The owner of the 763-room Sheraton Atlanta Hotel, the sixth-largest hotel in Metro Atlanta, has defaulted on its mortgage and is facing foreclosure.

Apollo Commercial Real Estate Finance is in talks with Philadelphia-based Arden Group, the owner of the full-service hotel at 165 Courtland St., to foreclose on the property after the borrower failed to pay off its $98.2M mortgage at the end of last year, according to a regulatory filing.

Arden bought the Sheraton in March 2017 for $64.2M, and took out a $77M senior mortgage with Apollo Commercial Real Estate Finance, a mortgage REIT that trades on the New York Stock Exchange under the ticker ARI. The loan was for the acquisition and a planned renovation of the Downtown Atlanta hotel, which is across the street from Georgia State University’s main campus.

The mortgage — which had an appraised 70% loan-to-value — had a three-year initial term and two one-year extension options, according to an ARI press release at the time. The loan valued the hotel at roughly $110M. ARI provided another $28M in debt secured by the property in 2019 with the same maturity date, according to the Reonomy database.

As of the end of 2021, ARI said in its annual report that the loan carried a $106M amortized cost. By the end of last year, it had fallen into maturity default, according to ARI's 2022 annual report, filed with the Securities and Exchange Commission last month.

ARI said in the filing it deemed in May that the borrower was "experiencing financial difficulty" and granted it two short-term extensions, but Arden — which owns the property through its discretionary fund Arden Real Estate Partners II — didn't pay off the loan at maturity. ARI recognized an expected $7M credit loss on the loan.

“We are in discussions with the sponsor regarding consensual foreclosure, and expect to reach an agreement in the first quarter of 2023,” ARI wrote in its annual report.

Arden invested an additional $7M in renovations after it acquired the Sheraton. The property includes 100K SF of meeting and events space, an indoor and outdoor pool, a fitness center and the Fandangles restaurant and bar. 

A spokesperson for Apollo declined to comment. Arden officials didn't respond to Bisnow. Arden also owns the Westin Atlanta Perimeter North hotel in Sandy Springs, a nearly 200K SF flex industrial property in Peachtree Corners and a parking deck at 90 Ellis St. in Downtown Atlanta, according to Reonomy.

Arden’s stewardship of the Sheraton hasn’t been a smooth one since its acquisition. In 2019, the hotel was the source of a Legionnaires’ disease outbreak that sickened dozens of guests and forced Arden to briefly shutter the hotel. 

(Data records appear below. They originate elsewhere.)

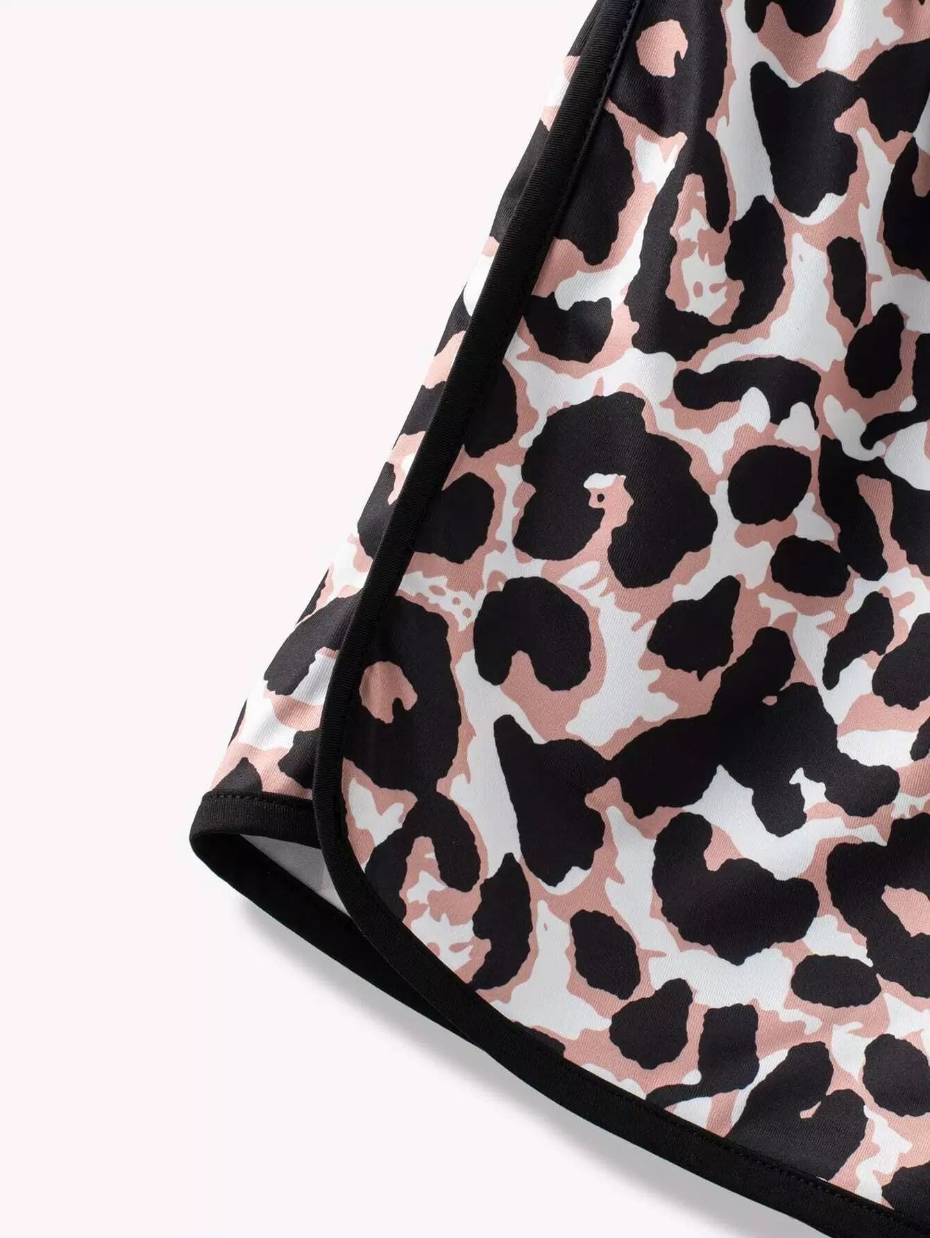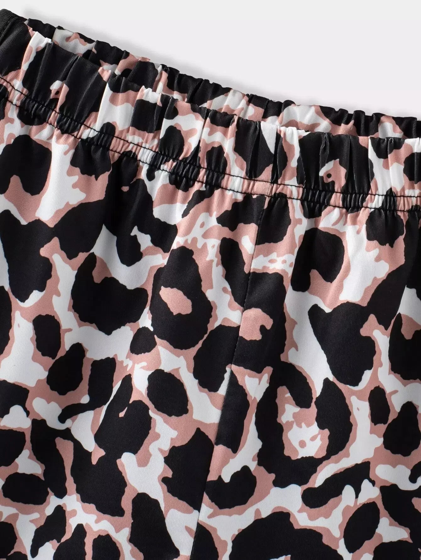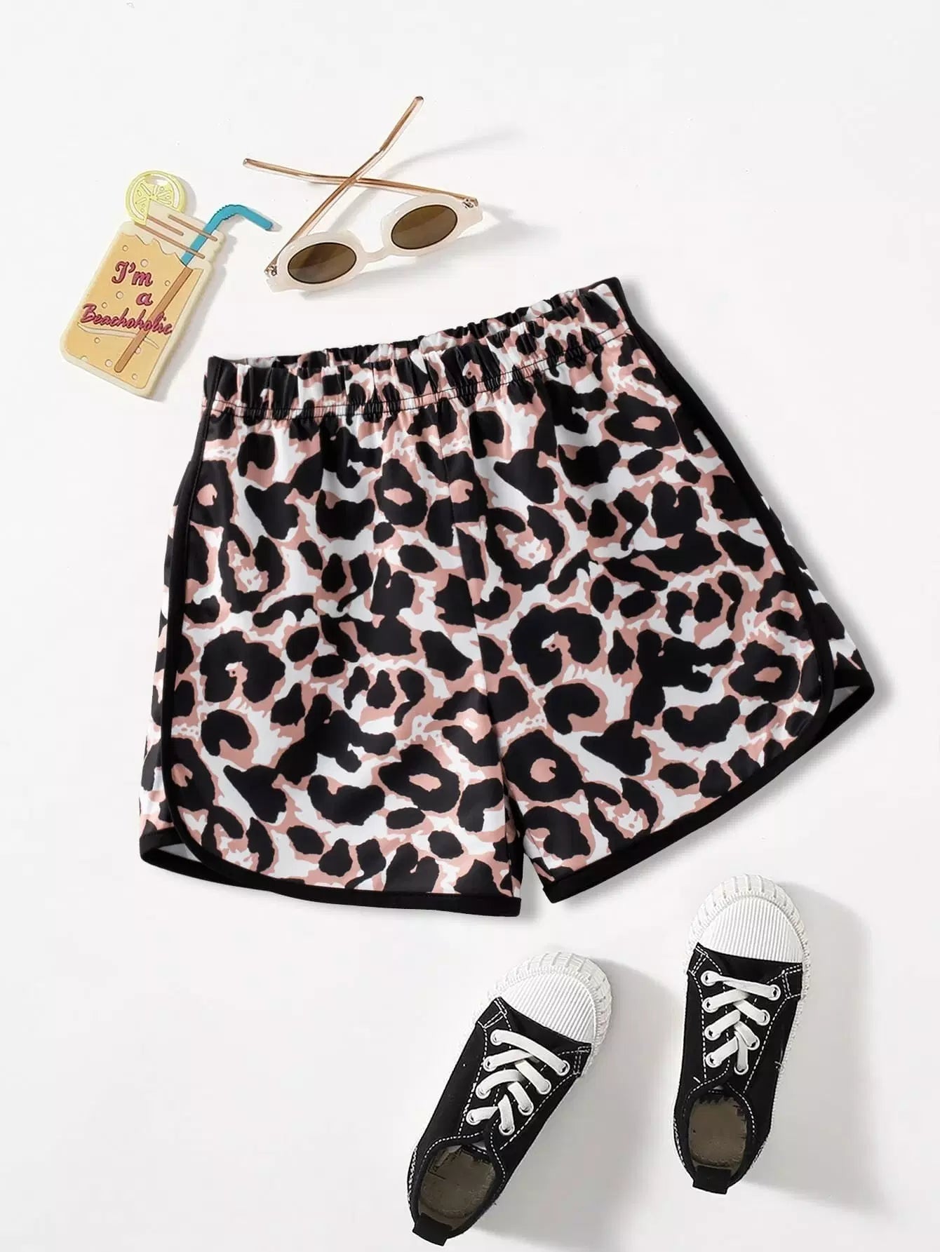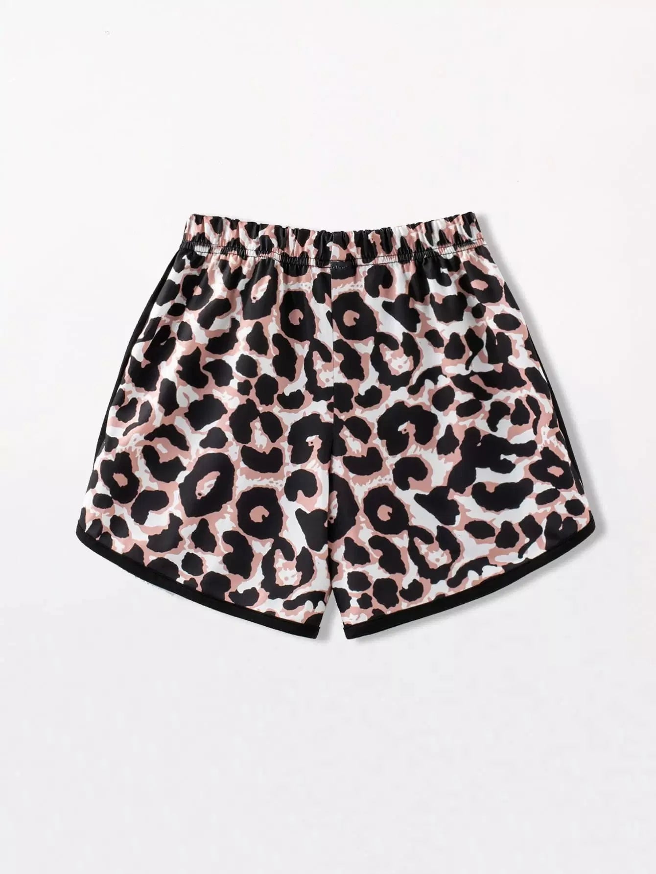 Kids - Girls Leopard Print Contrast Binding Shorts
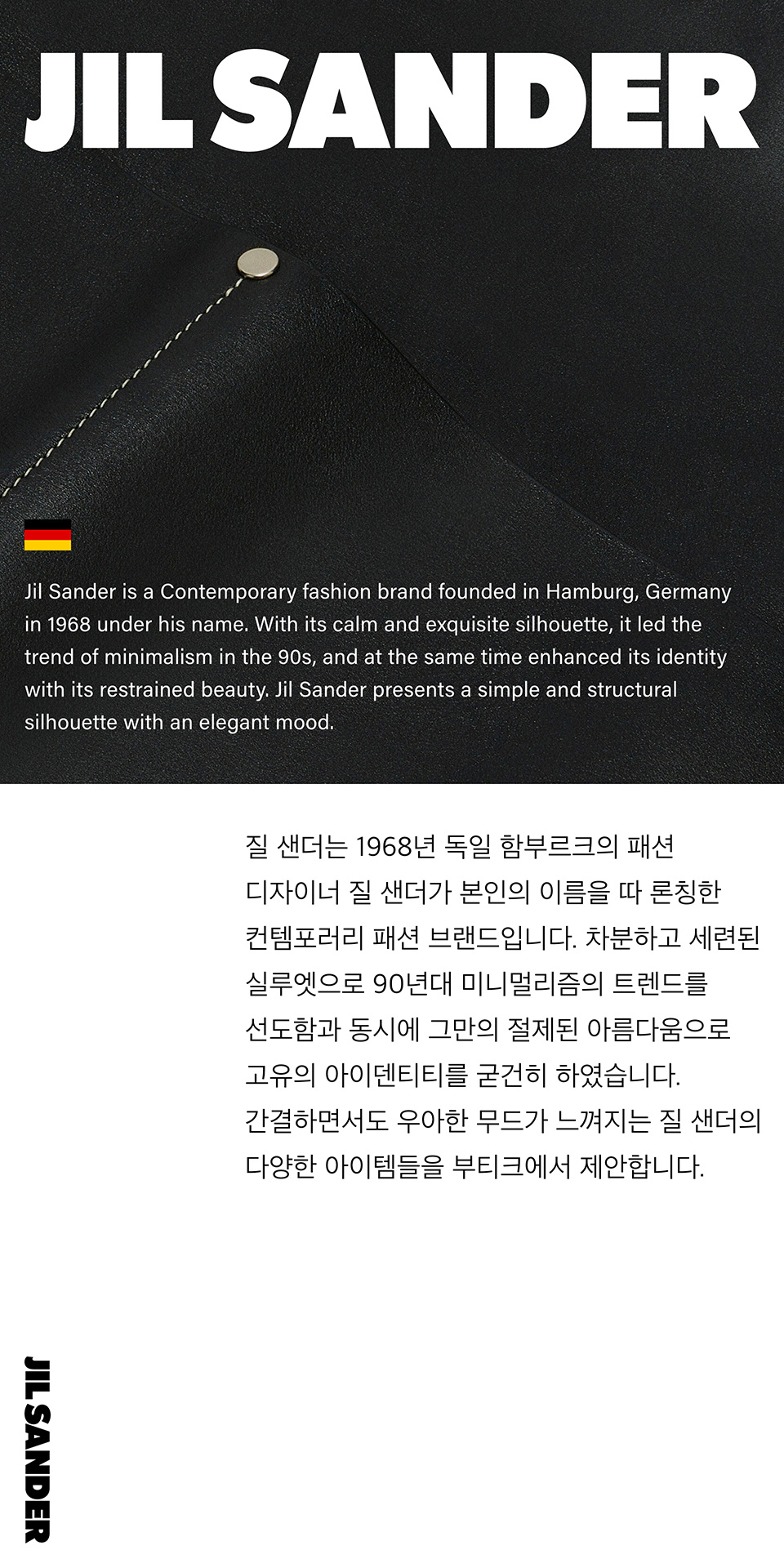 질 샌더(JIL SANDER)는 자신을 차별화하고 싶은 여성들을 위해 섬세한 색상과 원단, 형태의 디자인을 선보입니다. 심플하고 고급스러운 디자인의 미니멀리즘 미학을 선보입니다.
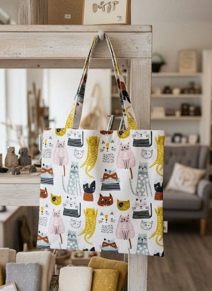 Wholesale Grey & White Cat Tote Bag, 'Dash Fluffy Cat', Cat Tote Bag
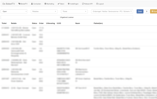 Realisatie CRM applicatie voor het registreren en beheren van de BeleefTV’s, de software licenties, de relaties en een API koppeling met SnelStart voor de facturatie.
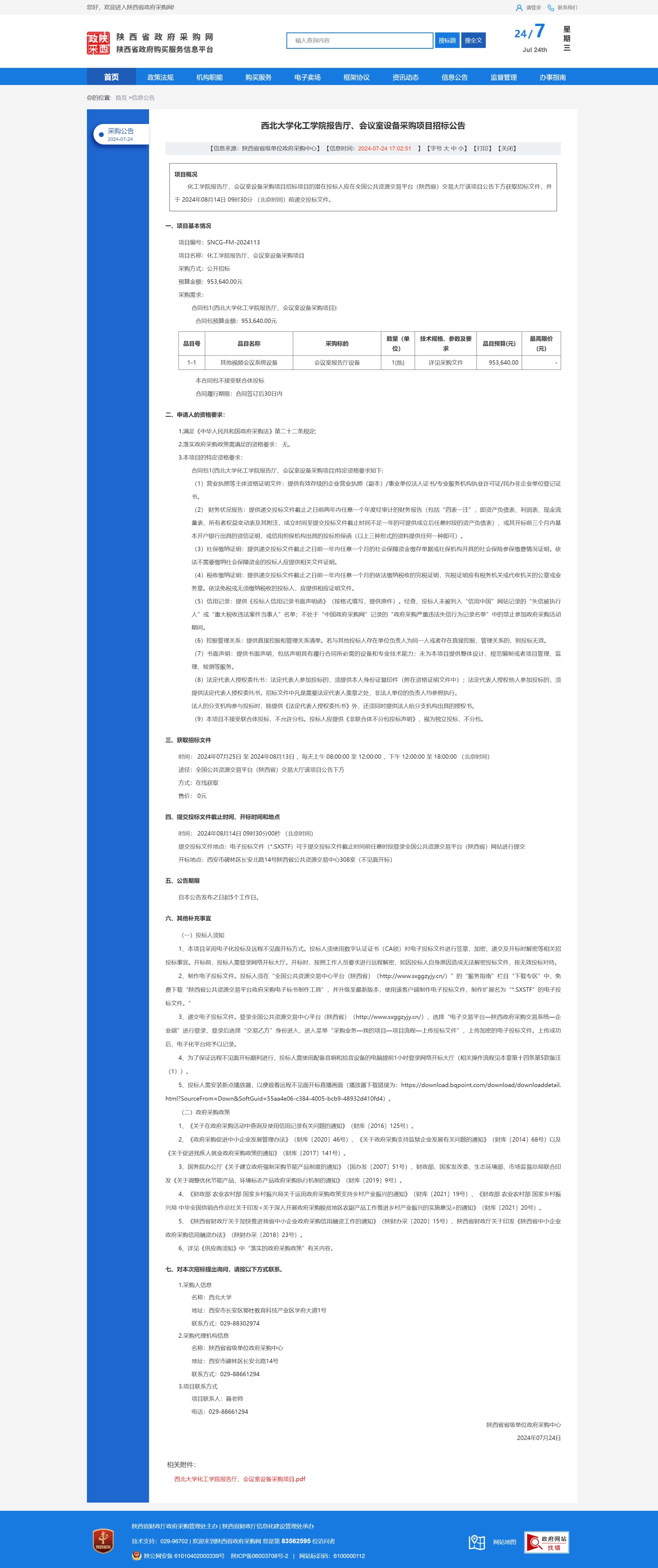 乐投平台化工学院报告厅、会议室设备采购项目招标公告 作者: 编辑:采购与招标办公室 时间:2024-07-24 原公告链接:https://www.ccgp-shaanxi.gov.cn/freecms/site/shaanxi/ggxx/info/2024/8a69c43990e021d80190e2424f98406d.html?noticeType=001011¬iceId=9ce13ca5-499d-11ef-b8b6-08c0eb20c666

The next year, the pandemic wreaked havoc on the hospitality industry. Arden had been offering the Sheraton for sale before pulling it from the market, but it listed it again in 2021 as Atlanta’s hotel market rebounded, the Atlanta Business Chronicle reported.

"There was a lot of interest last time around, but the pricing just wasn’t there," Arden Managing Director Rene Bardel told the ABC at the time. "There was a lot of people … looking for distress prices, and we are not that kind of player."